May 18th, 1611 – London

Crash. Scream. Laughter. Shriek. Thump. Shout. Angry bellowing. Sarcastic retort. Crash.

All of that and more filled the air at nearly the same time, forcing Virginia Dare to snap her gaze from one noise to another. Her head twitched back and forth, the enhanced wolf-hearing that was such an asset in the forests she had spent so much time in had become a liability here in the incredibly crowded, oppressively loud city of London. Every time she jerked her head to look at and subsequently dismiss one potential threat as its sound reached her, four others assaulted her ears from various directions.

It was safe to say that the twenty-three year old woman was out of her element. Growing up in the New World, making her way with Tiras through the small settlements of the colonies and the wilds where the Natives lived had not prepared her for seeing any of… this. There were so many people. More than she thought could possibly live in one place. How did so many people all manage to eat enough food to survive?
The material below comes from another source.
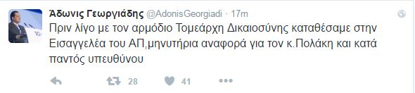 Διαβάστε αναλυτικά όσα έγραψε στο Twitter Άδωνις Γεωργιάδης.

And the smell. That awful, rotting smell that permeated everything. Garbage from the buildings and houses was simply dumped into the street and then (eventually) carried off. Rats and other vermin scampered through the shadows, feasting wherever larger piles of rotting trash had gathered.

A sound to her left, a voice actually addressing her. Through the noise and confusion, Virginia snapped her gaze that way, wide eyes taking in the sight of a fresh-faced young man who appeared to be about sixteen. Which, in reality, was about as old as Virginia herself appeared to be, thanks to the Amarok blood that made her age more slowly than a normal person. At least, that’s how Tiras had explained it.

She missed her vampire mentor. It was his work, his effort in teaching her how to survive that had allowed her to make it this far. And yet, whatever evil had been after her for so long refused to stop sending its minions after the girl, and she refused to put Tiras in danger any longer by staying with him.

That was also why she had sailed clear across the ocean, back to the land of her parents. If her blood was supposed to cause some great destruction just because she was the first English child born in the new world, she would leave that continent and hope that she could evade her tormentor that way.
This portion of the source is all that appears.